By 1586, Bürgi was able to calculate sines at arbitrary precision, using several algorithms, one of which he called Kunstweg. He supposedly used these algorithms to calculate a «Canon Sinuum», a table of sines to 8 places in steps of 2 arc seconds. Nothing more is known on this table, and some authors have speculated that its range was only over 45 degrees. Such tables were extremely important for navigation at sea. Johannes Kepler called the Canon Sinuum the most precise known table of sines. Bürgi explained his algorithms in his work Fundamentum Astronomiae which he presented to Emperor Rudolf II in 1592.

Iterative table calculation through Bürgi's algorithm essentially works as follows: cells sum up the values of the two previous cells in the same column. The final cell's value is divided by two, and the next iteration starts.
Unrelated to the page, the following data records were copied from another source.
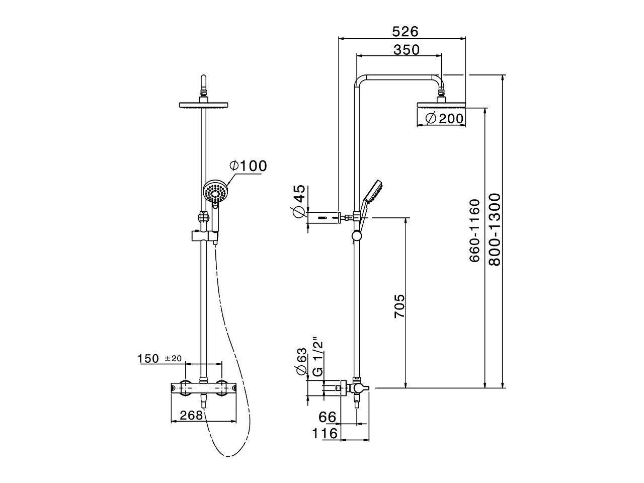 Colonna doccia termostatica 2 funzioni,deviastop 2 uscite,colonna telescopica,supporto doccetta scorrevole,doccetta 5 getti D.100 mm ABS,soffione tondo D.200 mm in ABS,flex ottone 150 cm
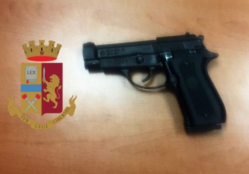 I due sono stati bloccati e arrestati. Nel borsello del 33enne i poliziotti hanno rinvenuto e sequestrato la pistola, una replica in metallo priva del tappo rosso, impugnata poco prima dal 17enne mentre minacciava la giovane.
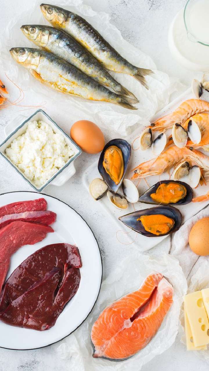 सैल्मन, टूना और सार्डीन जैसी मछलियों में B12 काफी मात्रा में होता है। नॉन-वेज खाने वालों के लिए यह सबसे तेज सोर्स है।
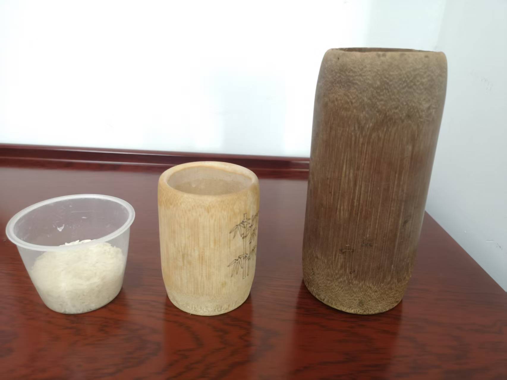 《吕氏春秋·仲秋》对角亦有描述:“正钧石,齐升角。”意思是说,要校正量器和衡器就要用石、升、角。角在升之后,显然比升小。在宋代,酒的容器种类繁多,有瓮、坛、桶、瓢、角、瓶、葫芦等。例如,《水浒传》第三回《史大郎夜走华阴县 鲁提辖拳打镇关西》,有一段描述鲁智深偶遇史进后,来到酒肆中畅饮的情景: 鲁提辖坐了主位,李忠对席,史进下首坐了。酒保唱了喏,认得是鲁提辖,便道:“提辖官人,打多少酒?”鲁达道:“先打四角酒来。”可见,宋时酒的计量就常用角。据研究,宋时的“四角酒”大概相当于当今的四至六市斤酒。不过,不同历史时期,角的实际容量是有差异的。现代汉语的“角”并没有容具的含义和用于计量了,而这个含义在客家方言里保留了下来。通常市售的电饭煲都会搭配一个量米的小杯子,这个杯子就叫“米角”。以前有人也会把热水瓶的盖子、炼乳罐头的罐子拿来舀米,这些器具也可称为“米角”。客家人所称的“角”除了具有杯子一样的功能外,尚可作量具,这是“角”与“杯”的最大区别。米角、米合(gě)、米筒(见图②)都是常用量米器具,都呈圆筒状,或像杯子一样,民间也常常把它们混为一谈。实际上,它们之间还是有些区别的。米角、米筒只限于民间使用,容量并无具体的规定,而米合则不同,合、升、斗、石是十进制的关系,是官方使用的计量单位。总的来说,米筒的容量比米合大,而米角的容量则较随意,或是在米合容量之上,或是在米合容量之下。另外,米筒、米合一般是竹筒裁截、刨制而成,而米角的制作材料可以是竹木、塑料或金属。在客家方言里,“角”作为容器、量具的含义,除了水角、酒角、米角外,应用上还可以扩展,比如把纸折成的袋子、容器也叫“纸角”。民间有句俗语“纸角装盐爱包咸(涵)”,这是双关语,意思是望对方多多包涵。
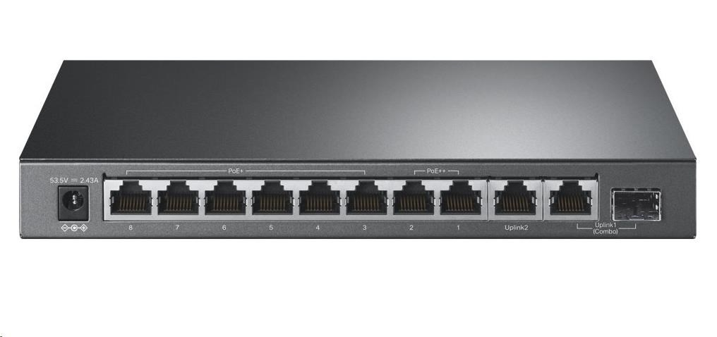 | Rozhranie | • 9× 10/100/1000Mbps RJ45 portov, 1× 1000Mbps Combo SFP/RJ45 port • AUTOMATICKÉ dohadovanie • AUTO MDI/MDIX |
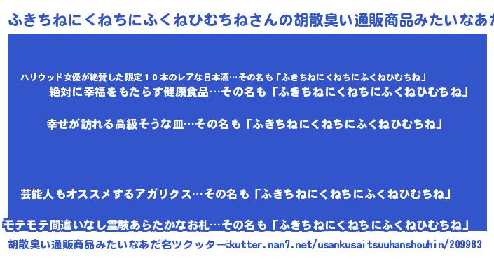 | 男性向けラノベタイトル風あだ名 | 『はたらくふきちねにくねちにふくねひむちねさま!』 |
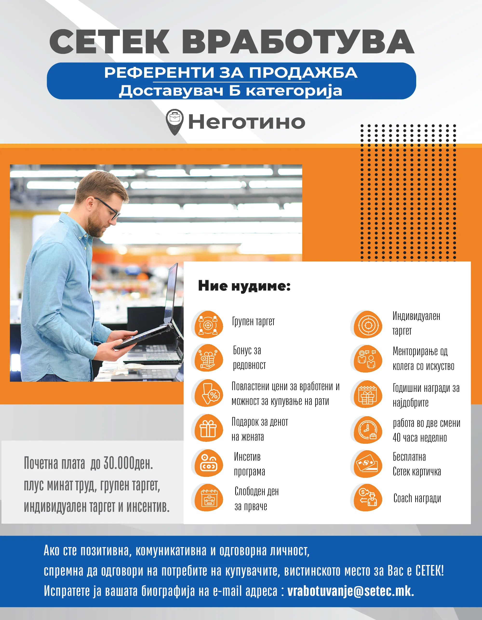 Активни огласи од СЕТЕК Сè од техника ДОО:
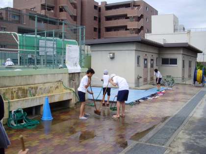 来週から始まるプール学習に向けて6年生のみんながプール清掃をしました。3時間目から,3組,4組,1組,2組の順にそうじをしました。写真は最後の組のそうじの様子で仕上げの段階です。決して遊んでいるわけではありません。まあ,少し水のかけ合いっこはしましたが……でも,すっかりきれいになりましたよ。
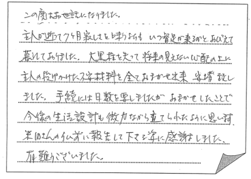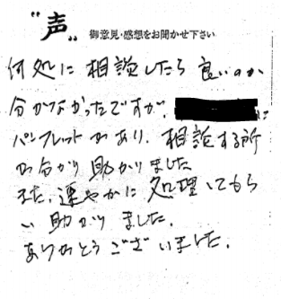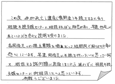 明石市:ていねいに教えて頂きました 2024 2/06 ご相談者の声 2021.04.03 ていねいに教えて頂き、ありがとうございました。不明な事があれば、連絡させ て頂きます。 【お客様の声 NO.857】 ご相談者の声 来店予約 地銀も続々 ~高齢者支援のサブスク~ 芦屋市:すべきことの方向性がわかりました 関連記事 明石市 2020.09.30 神戸市長田区 2020.10.15 京都府八幡市 2020.11.07 神戸市灘区 2019.06.15 神戸市西区 2019.02.27 明石市 2019.12.13 美嚢郡吉川町 2019.06.04 西宮市:初めての面談から気持ちよく接して貰え、気持ちが落ち着きました 2021.03.13
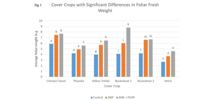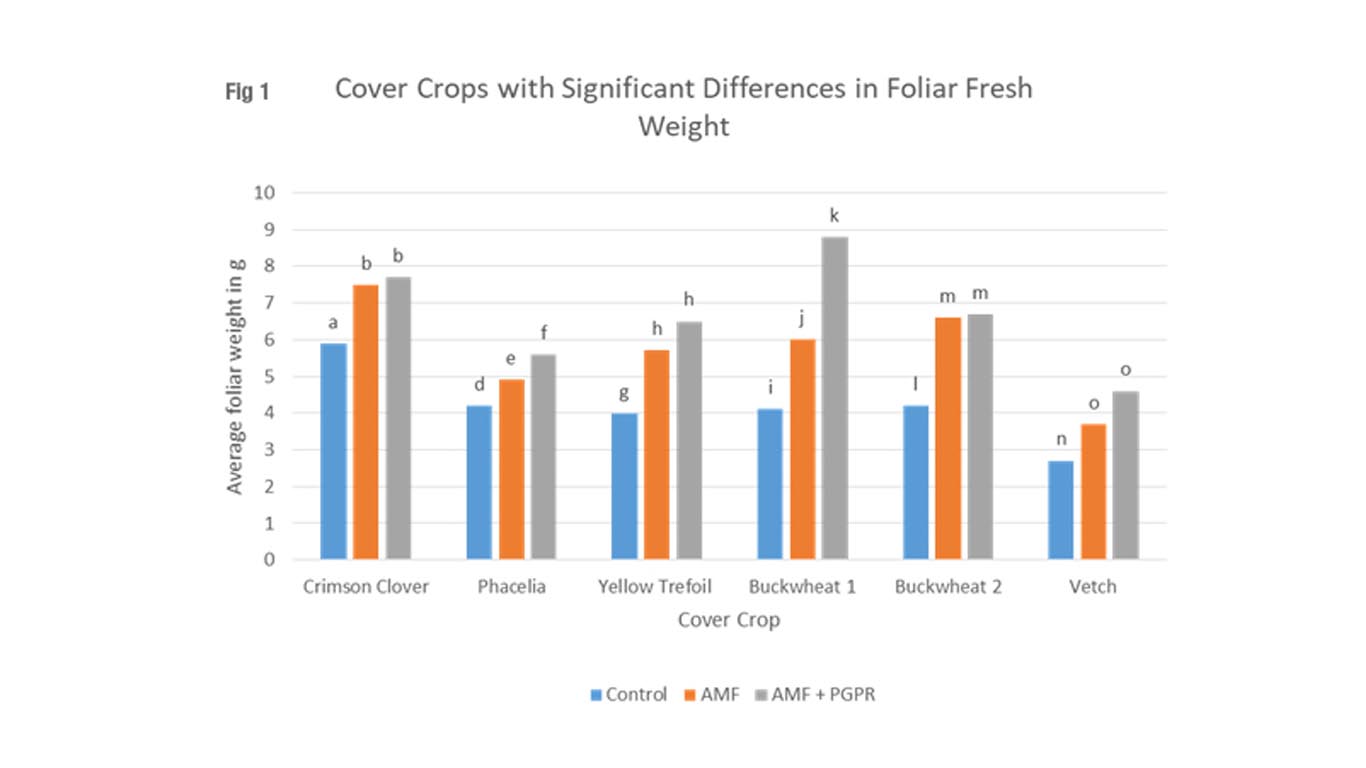 Developed by PlantWorks’ own team of microbiologists in conjunction with academic partners, SR2 comprises five species of arbuscular mycorrhizal fungi (AMF) and a specific consortium of plant growth promoting rhizobacteria (PGPR). Trials with cover crops including species such as vetch, crimson clover, black oats, buckwheat and yellow trefoil have demonstrated significant improvements in foliar fresh weight following application of the SR2 formulation (Fig. 1 trials summary).

Finally, the values of the last column get normalized. Rather accurate approximations of sines are obtained after few iterations. Only recently, Folkerts et al. proved that this simple process converges indeed towards the true sines. Another of Buergi's algorithms uses differences in order to build up a table, and this was an anticipation of the famous Tables du cadastre.

===Bürgi's work on logarithms===
Bürgi constructed a table of progressions of what are now understood as antilogarithms (exponential functions) independently of John Napier, through a method distinct from Napier's. Napier published his discovery in 1614, and this publication was widely disseminated in Europe by the time Bürgi published at the behest of Johannes Kepler. Bürgi may have constructed his table of progressions around 1600, but Bürgi's work is not a theoretical basis for logarithms, although his table serves the same purpose as Napier's. One source claims that Bürgi did not develop a clear notion of a logarithmic function and can therefore not be viewed as an inventor of logarithms.
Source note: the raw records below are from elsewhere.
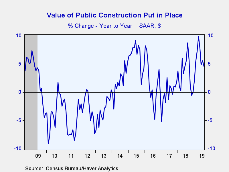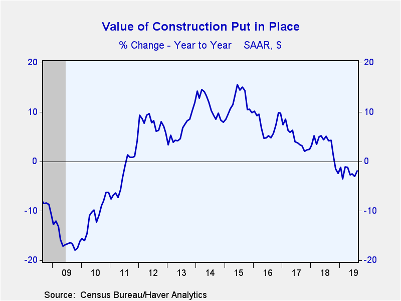 The value of construction put-in-place improved 0.1% (-1.9% y/y) during August following a little-revised stability in July. A 0.4% rise had been expected in the Action Economics Forecast Survey.
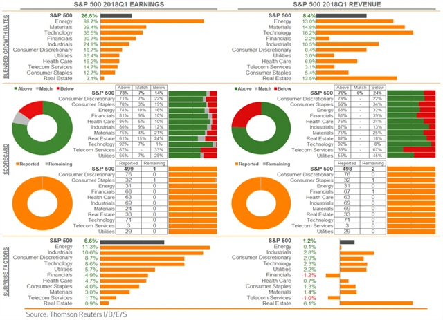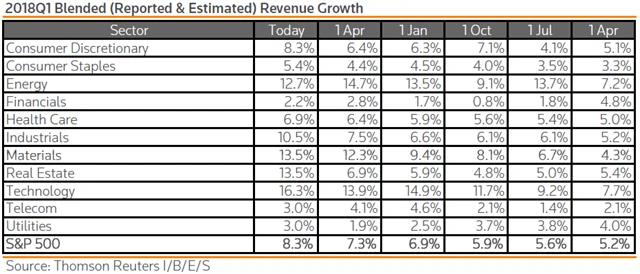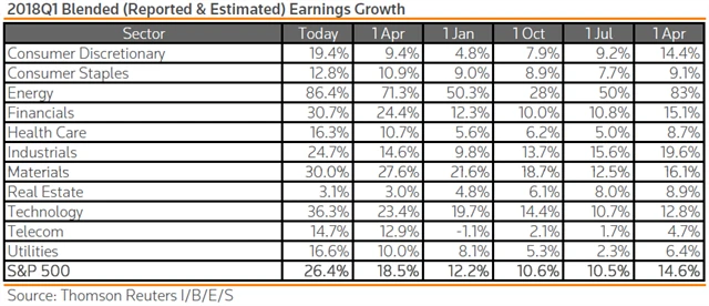 Jak se vyvíjely odhady růstu či poklesu zisků a tržeb za 1Q2018?
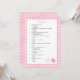 Esses Cartões Bebês personalizados e adoráveis são uma diversão para convidados chás de fraldas. Inclui 10 perguntas triviais interessantes, dê um prêmio à pessoa com as respostas mais corretas! Estas são placas verticais de 5" x 7". Recursos - Apresenta-se em impressão de gingham cor-de-rosa, azul, amarelo ou verde na frente e atrás (a parte traseira é gingham simples na mesma cor que a frente). -Codificação do gráfico pacificador na frente. -Inferior direito inclui nome próprio personalizável da futura mãe e data do chá. Respostas - 1b, 2c, 3c, 4a, 5b, 6c, 7b, 8a, 9a, 10b
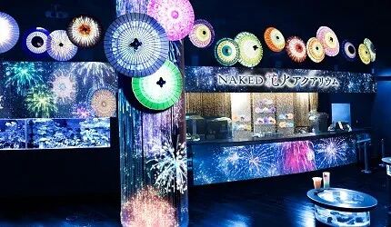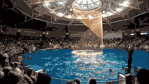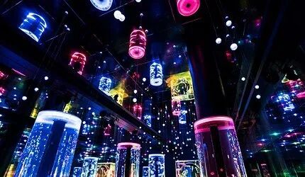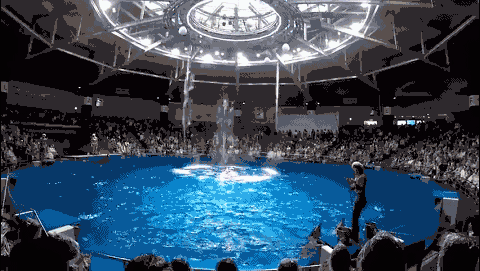 东京地区的Maxell Aqua Park品川水族馆,采用科技声光效果,让水族馆里的海洋生物看起来缤纷多彩。尤其是在二楼360度环绕型的海豚表演剧场,有一个直径长达25公尺的圆形水池,它依照日夜的变化,喷射出各式各样的喷水和七彩灯光,带来变幻的声光效果。

Bürgi's method is different from that of Napier and was clearly invented independently. Kepler wrote about Bürgi's logarithms in the introduction to his Rudolphine Tables (1627): "... as aids to calculation Justus Byrgius was led to these very logarithms many years before Napier's system appeared; but being an indolent man, and very uncommunicative, instead of rearing up his child for the public benefit he deserted it at birth."

==Honors==
The lunar crater Byrgius is named in Bürgi's honor.